Data supplied below:

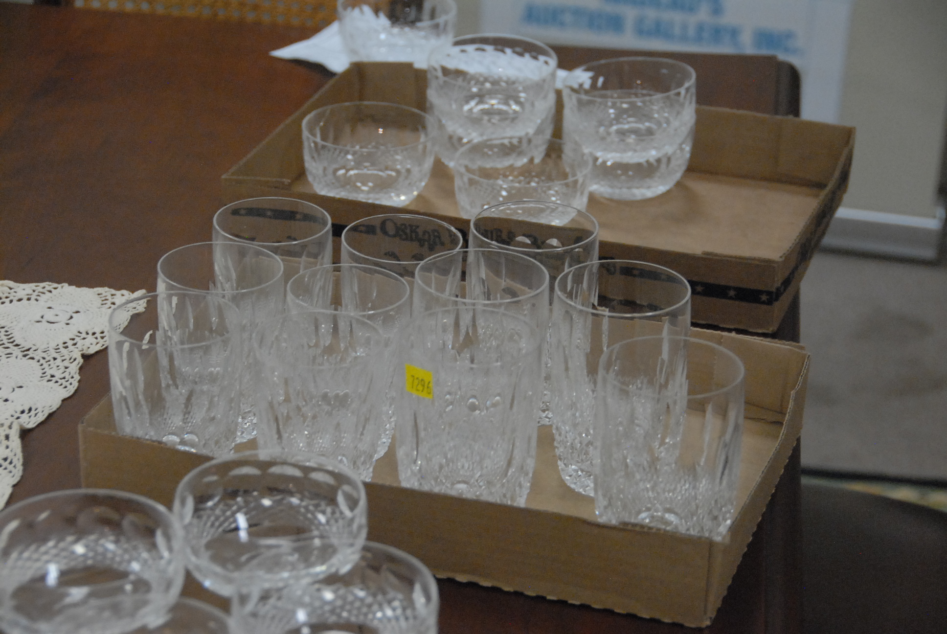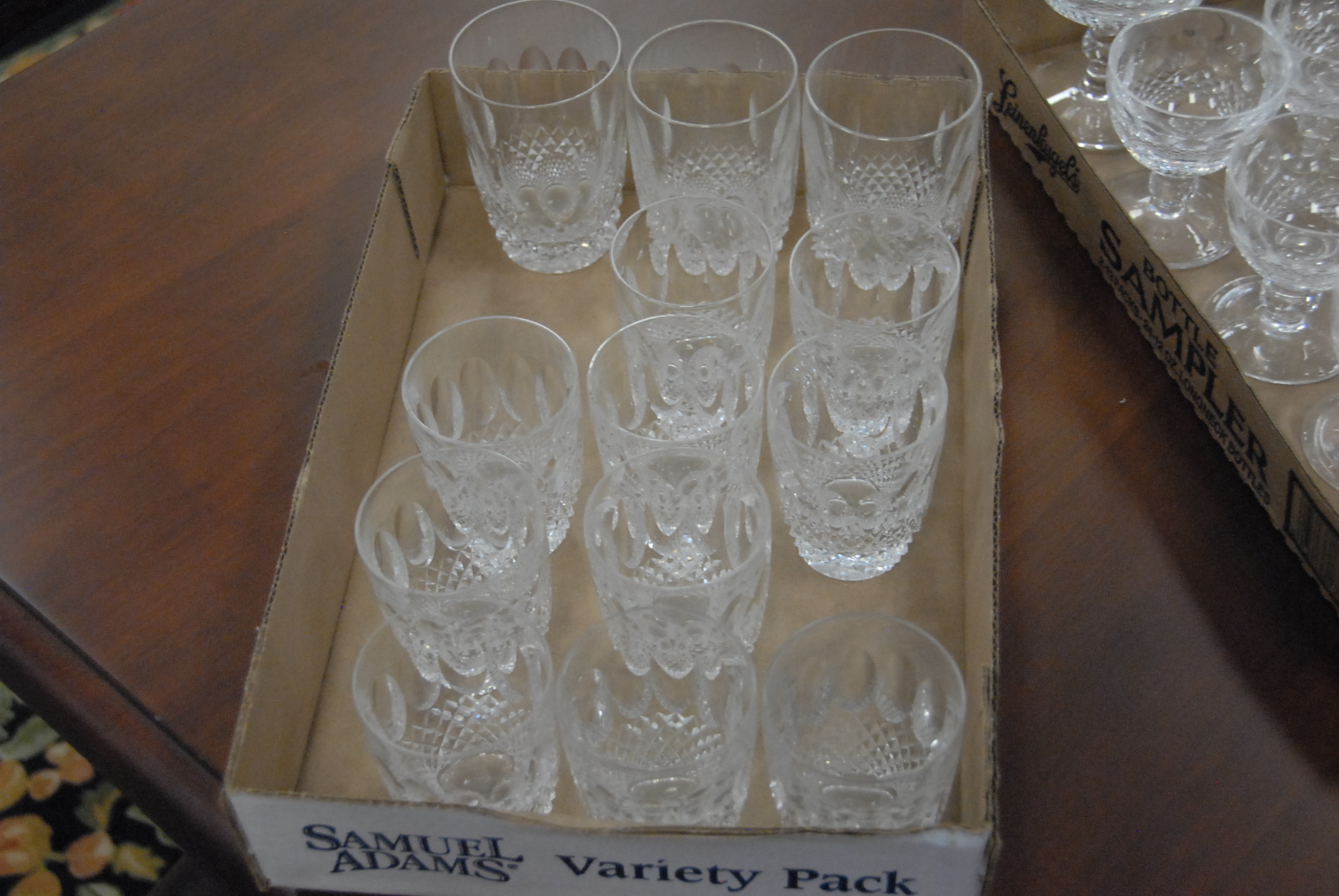 Waterford crystal 64 piece set in seven sizes including 6 large goblets, 10 medium goblets, 11 small goblets, 10 large stems, 7 small stems, 13 cordials, and 7 berry bowls.
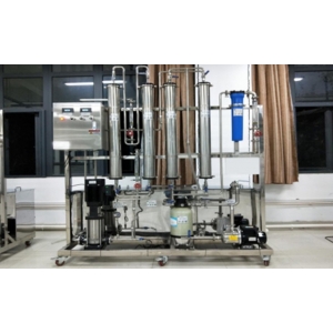 裝置整體尺寸1800*700*2200mm,工藝路線為高濃度的受污染水源,經(jīng)砂濾罐、炭濾罐、保安過濾器、超濾膜組件后,進(jìn)入凈水池,再經(jīng)納濾或者反滲透膜組件,進(jìn)入純水箱,出水電導(dǎo)率儀可達(dá)5μΩ/cm
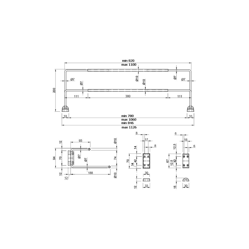 Rozmery (ŠxHxV): 820-1100 x 200 x 95 mm
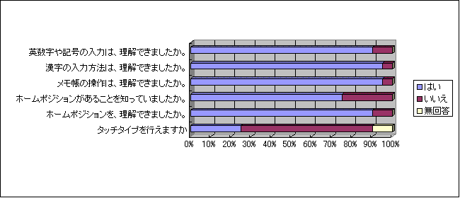 文字の入力,キーボードの操作についての結果です(設問1、設問2)。
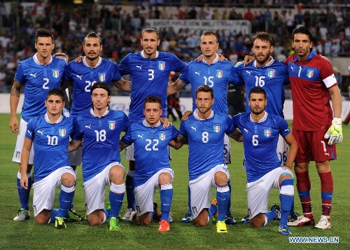 Italy's players pose for pictures before their international friendly soccer match against Argentina at the Olympic stadium in Rome, Aug. 14, 2013. Argentina won 2-1. (Xinhua/Alberto lingria)
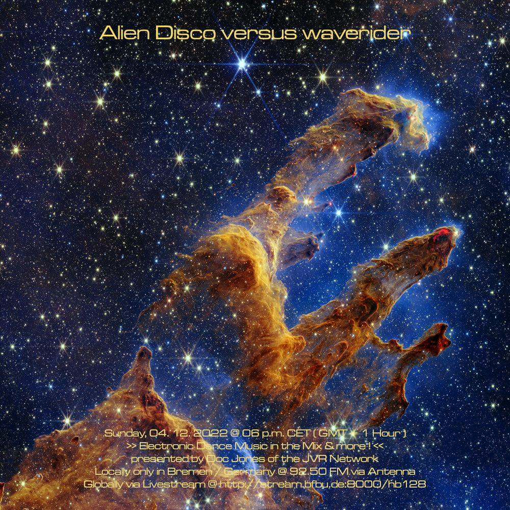 Am So., den 04. Dezember von 18 bis 20 Uhr wird es die Sendung „Alien Disco versus waverider“ – live und direkt aus dem „Ivory Tower“ Studio in Bremen-Grohn – mit einem neuen DJ Mix und noch einigen von Doc Jones individuell ausgewählten und präsentierten Stücken geben! 😀

End of Data supplied.

A faithful copy of all the data above is required, printed exactly and with no pictures.

Result
 Waterford crystal 64 piece set in seven sizes including 6 large goblets, 10 medium goblets, 11 small goblets, 10 large stems, 7 small stems, 13 cordials, and 7 berry bowls.
 裝置整體尺寸1800*700*2200mm,工藝路線為高濃度的受污染水源,經(jīng)砂濾罐、炭濾罐、保安過濾器、超濾膜組件后,進(jìn)入凈水池,再經(jīng)納濾或者反滲透膜組件,進(jìn)入純水箱,出水電導(dǎo)率儀可達(dá)5μΩ/cm
 Rozmery (ŠxHxV): 820-1100 x 200 x 95 mm
 文字の入力,キーボードの操作についての結果です(設問1、設問2)。
 Italy's players pose for pictures before their international friendly soccer match against Argentina at the Olympic stadium in Rome, Aug. 14, 2013. Argentina won 2-1. (Xinhua/Alberto lingria)
 Am So., den 04. Dezember von 18 bis 20 Uhr wird es die Sendung „Alien Disco versus waverider“ – live und direkt aus dem „Ivory Tower“ Studio in Bremen-Grohn – mit einem neuen DJ Mix und noch einigen von Doc Jones individuell ausgewählten und präsentierten Stücken geben! 😀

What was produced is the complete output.